• **WORK REQUEST**
The copy must match the data below line for line and contain no images.

[RECORDS FOR THE EXERCISE Boundary: Start]

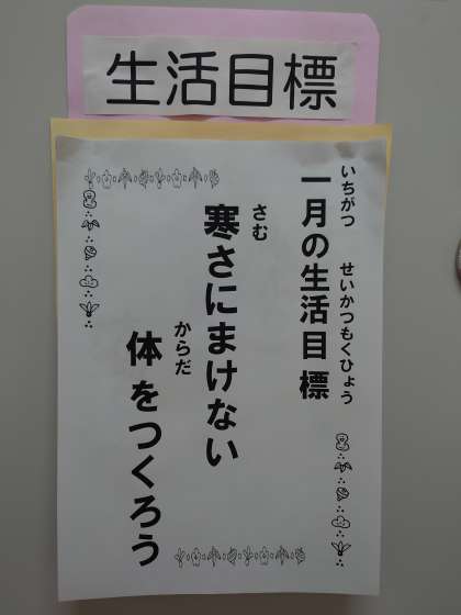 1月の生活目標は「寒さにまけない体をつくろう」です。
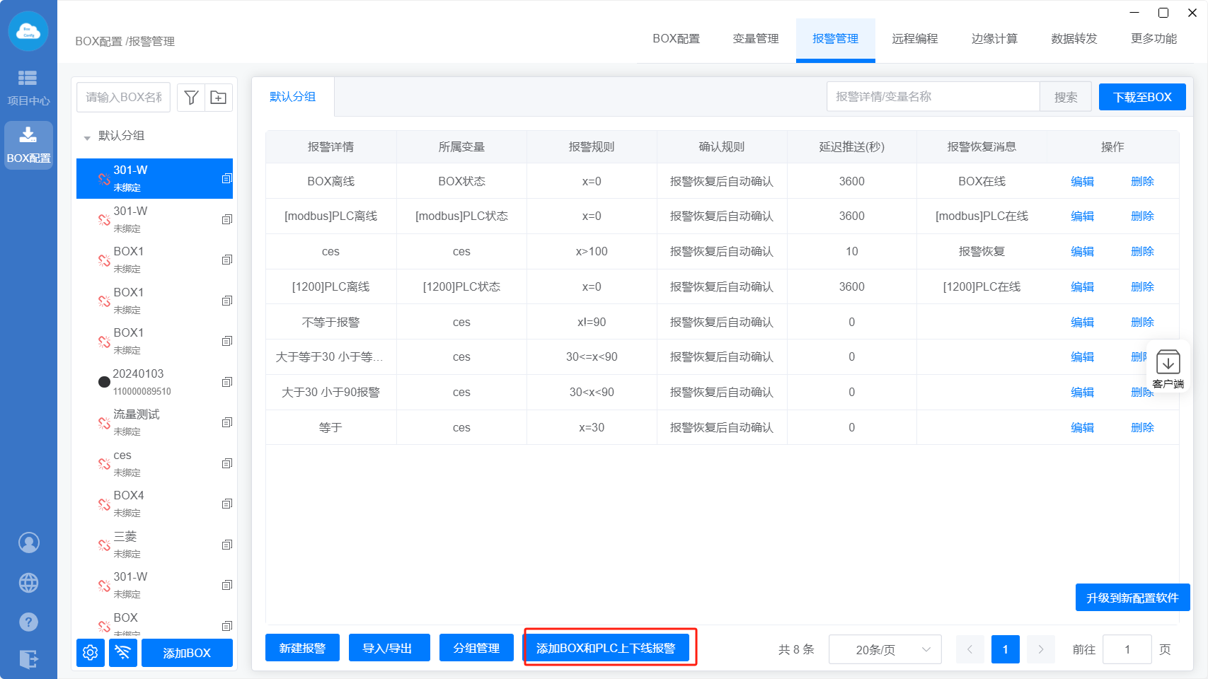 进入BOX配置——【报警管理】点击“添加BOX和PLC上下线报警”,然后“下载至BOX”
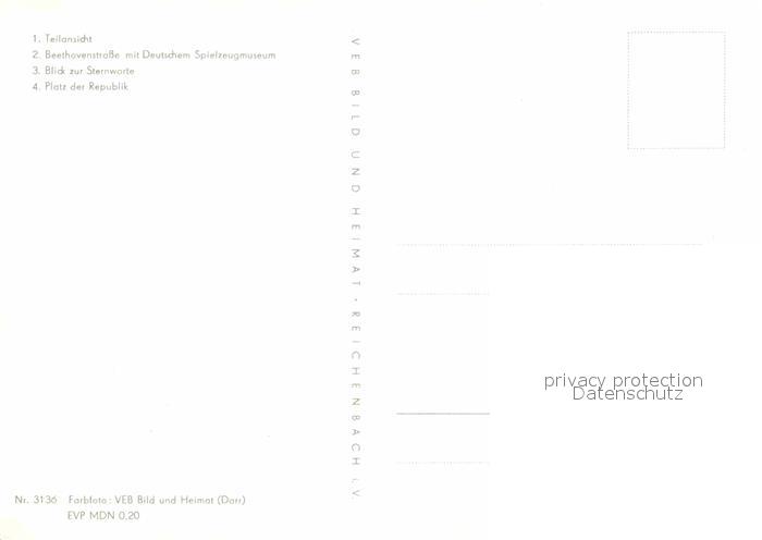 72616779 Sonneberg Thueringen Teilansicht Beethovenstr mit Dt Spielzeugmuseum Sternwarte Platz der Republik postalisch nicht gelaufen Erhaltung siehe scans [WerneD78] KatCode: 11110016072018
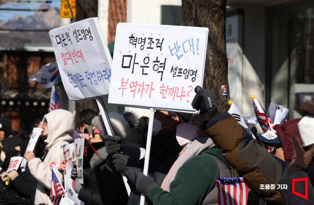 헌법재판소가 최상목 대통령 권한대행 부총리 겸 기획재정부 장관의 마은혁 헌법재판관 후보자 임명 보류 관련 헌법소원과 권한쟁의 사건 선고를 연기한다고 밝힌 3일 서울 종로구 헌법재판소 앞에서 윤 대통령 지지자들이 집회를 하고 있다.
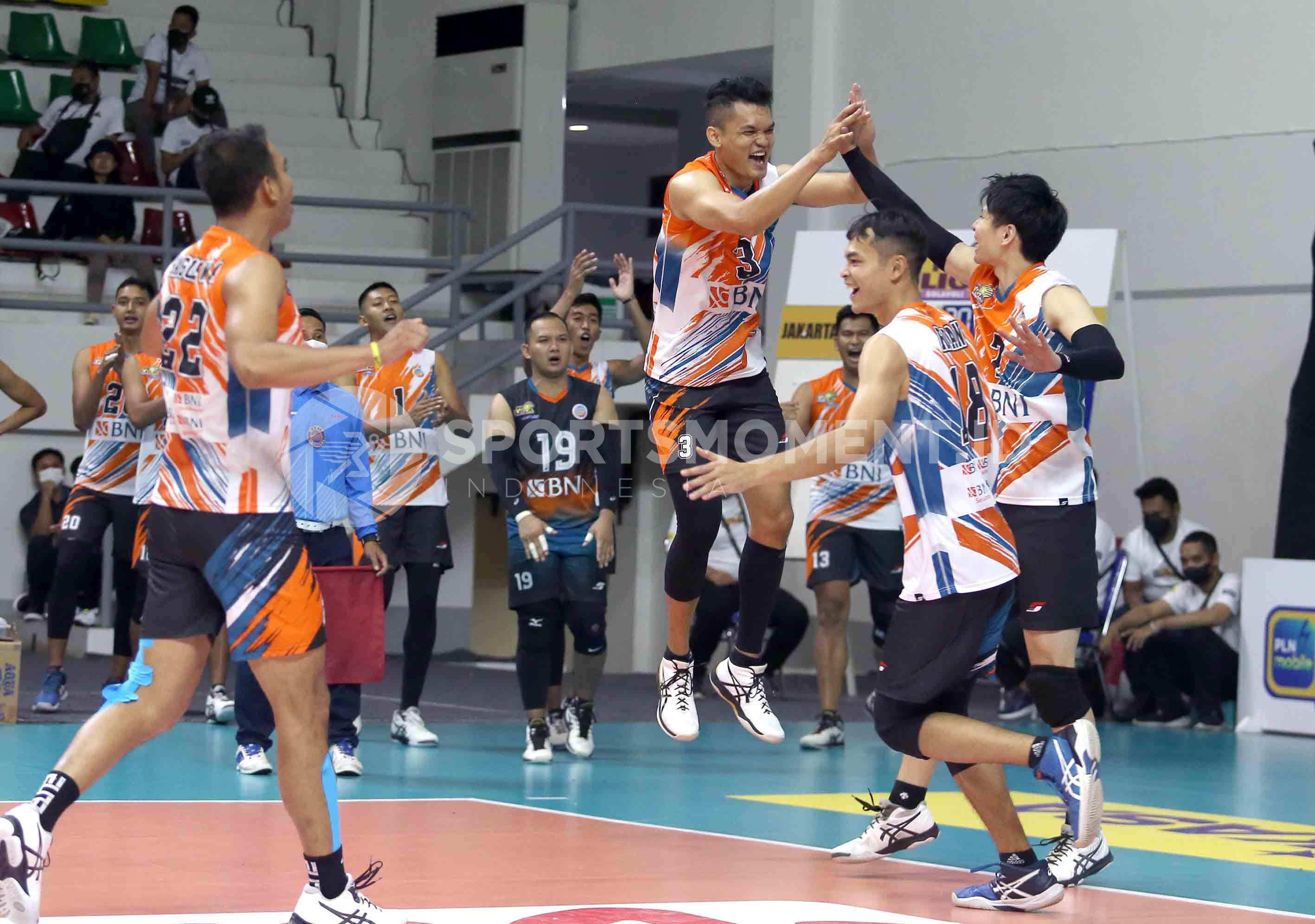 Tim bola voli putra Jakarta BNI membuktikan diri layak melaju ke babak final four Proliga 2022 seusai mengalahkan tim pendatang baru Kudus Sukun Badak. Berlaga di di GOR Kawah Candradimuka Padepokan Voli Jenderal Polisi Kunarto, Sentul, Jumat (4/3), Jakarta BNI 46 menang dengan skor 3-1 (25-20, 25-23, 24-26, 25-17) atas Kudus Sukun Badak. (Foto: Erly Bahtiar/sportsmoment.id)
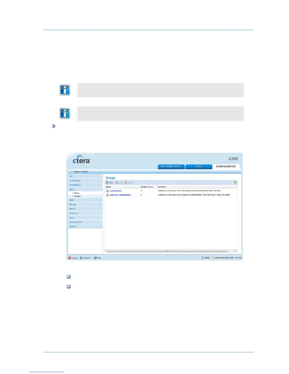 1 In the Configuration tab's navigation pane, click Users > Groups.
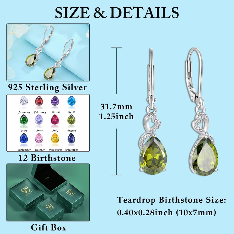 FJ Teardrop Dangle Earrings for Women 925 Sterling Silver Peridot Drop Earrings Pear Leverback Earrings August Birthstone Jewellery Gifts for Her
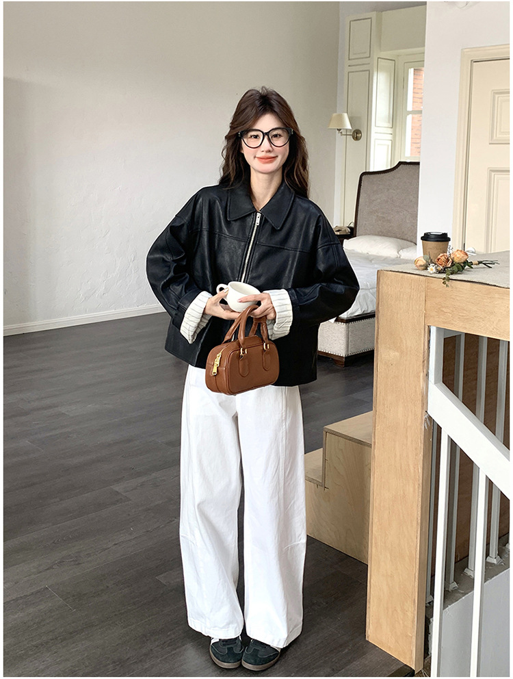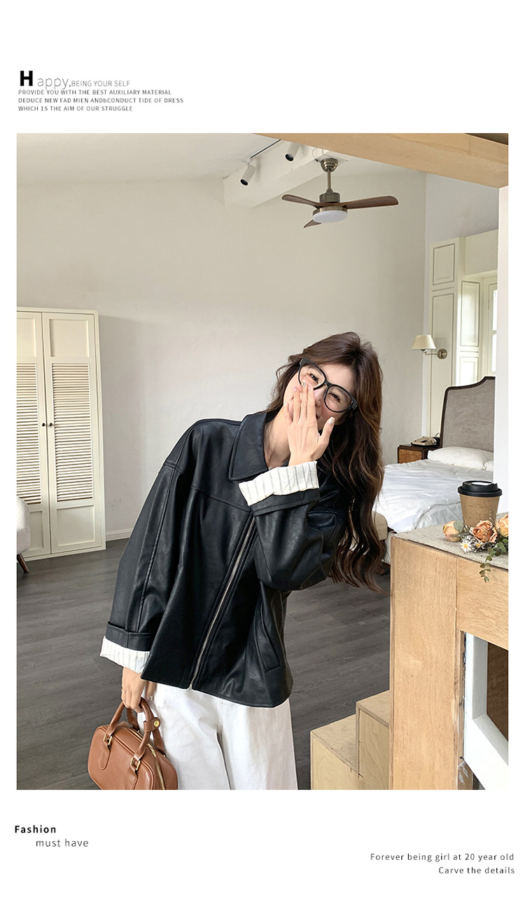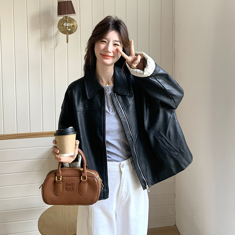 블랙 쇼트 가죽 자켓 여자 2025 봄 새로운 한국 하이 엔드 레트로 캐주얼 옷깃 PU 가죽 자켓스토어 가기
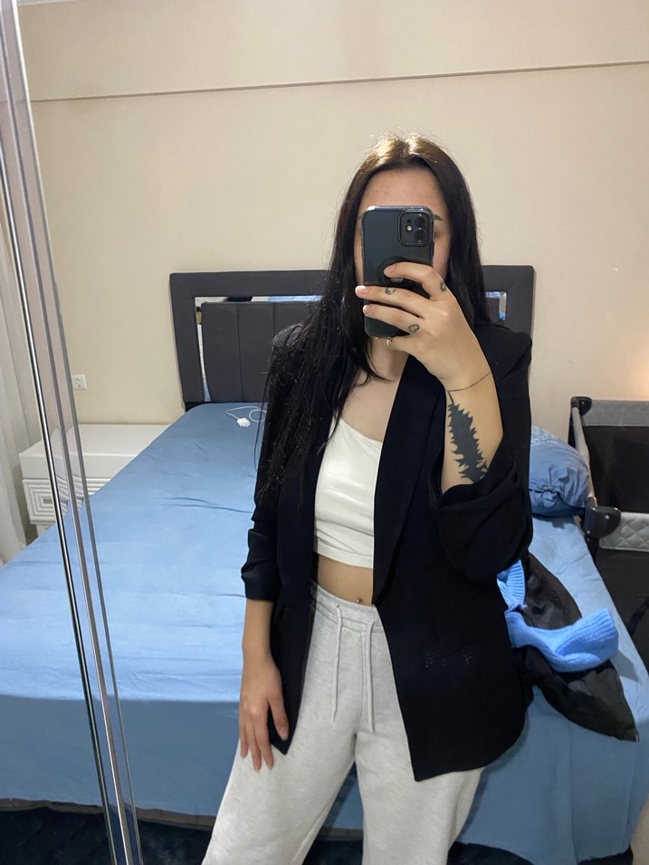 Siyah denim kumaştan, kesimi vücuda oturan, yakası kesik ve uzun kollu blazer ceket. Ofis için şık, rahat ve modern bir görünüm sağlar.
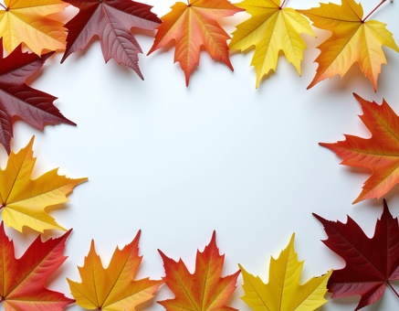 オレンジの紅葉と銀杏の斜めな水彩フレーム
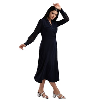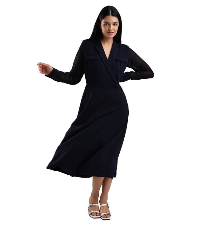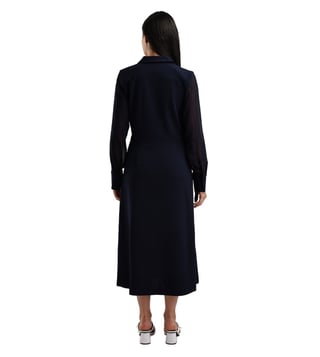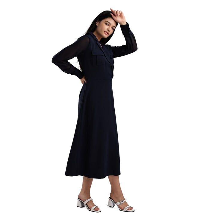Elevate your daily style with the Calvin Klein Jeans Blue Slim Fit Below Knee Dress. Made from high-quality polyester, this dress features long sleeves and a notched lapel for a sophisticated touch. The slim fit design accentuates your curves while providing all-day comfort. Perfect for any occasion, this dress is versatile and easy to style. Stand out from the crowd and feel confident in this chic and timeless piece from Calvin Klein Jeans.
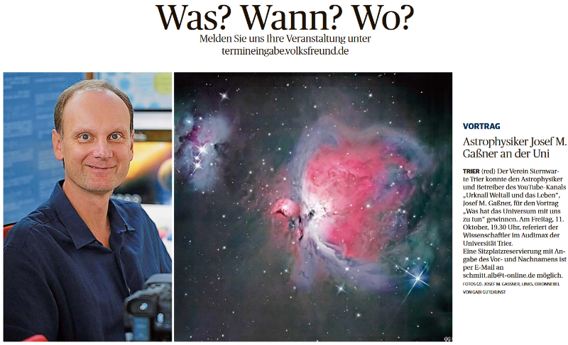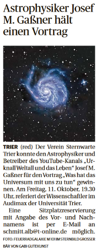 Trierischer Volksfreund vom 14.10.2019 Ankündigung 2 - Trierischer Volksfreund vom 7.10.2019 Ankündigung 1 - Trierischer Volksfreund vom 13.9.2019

[RECORDS FOR THE EXERCISE Boundary: End]

• **TASK ANSWER**
 1月の生活目標は「寒さにまけない体をつくろう」です。
 进入BOX配置——【报警管理】点击“添加BOX和PLC上下线报警”,然后“下载至BOX”
 72616779 Sonneberg Thueringen Teilansicht Beethovenstr mit Dt Spielzeugmuseum Sternwarte Platz der Republik postalisch nicht gelaufen Erhaltung siehe scans [WerneD78] KatCode: 11110016072018
 헌법재판소가 최상목 대통령 권한대행 부총리 겸 기획재정부 장관의 마은혁 헌법재판관 후보자 임명 보류 관련 헌법소원과 권한쟁의 사건 선고를 연기한다고 밝힌 3일 서울 종로구 헌법재판소 앞에서 윤 대통령 지지자들이 집회를 하고 있다.
 Tim bola voli putra Jakarta BNI membuktikan diri layak melaju ke babak final four Proliga 2022 seusai mengalahkan tim pendatang baru Kudus Sukun Badak. Berlaga di di GOR Kawah Candradimuka Padepokan Voli Jenderal Polisi Kunarto, Sentul, Jumat (4/3), Jakarta BNI 46 menang dengan skor 3-1 (25-20, 25-23, 24-26, 25-17) atas Kudus Sukun Badak. (Foto: Erly Bahtiar/sportsmoment.id)
 1 In the Configuration tab's navigation pane, click Users > Groups.
 FJ Teardrop Dangle Earrings for Women 925 Sterling Silver Peridot Drop Earrings Pear Leverback Earrings August Birthstone Jewellery Gifts for Her
 블랙 쇼트 가죽 자켓 여자 2025 봄 새로운 한국 하이 엔드 레트로 캐주얼 옷깃 PU 가죽 자켓스토어 가기
 Siyah denim kumaştan, kesimi vücuda oturan, yakası kesik ve uzun kollu blazer ceket. Ofis için şık, rahat ve modern bir görünüm sağlar.
 オレンジの紅葉と銀杏の斜めな水彩フレーム
Elevate your daily style with the Calvin Klein Jeans Blue Slim Fit Below Knee Dress. Made from high-quality polyester, this dress features long sleeves and a notched lapel for a sophisticated touch. The slim fit design accentuates your curves while providing all-day comfort. Perfect for any occasion, this dress is versatile and easy to style. Stand out from the crowd and feel confident in this chic and timeless piece from Calvin Klein Jeans.
 Trierischer Volksfreund vom 14.10.2019 Ankündigung 2 - Trierischer Volksfreund vom 7.10.2019 Ankündigung 1 - Trierischer Volksfreund vom 13.9.2019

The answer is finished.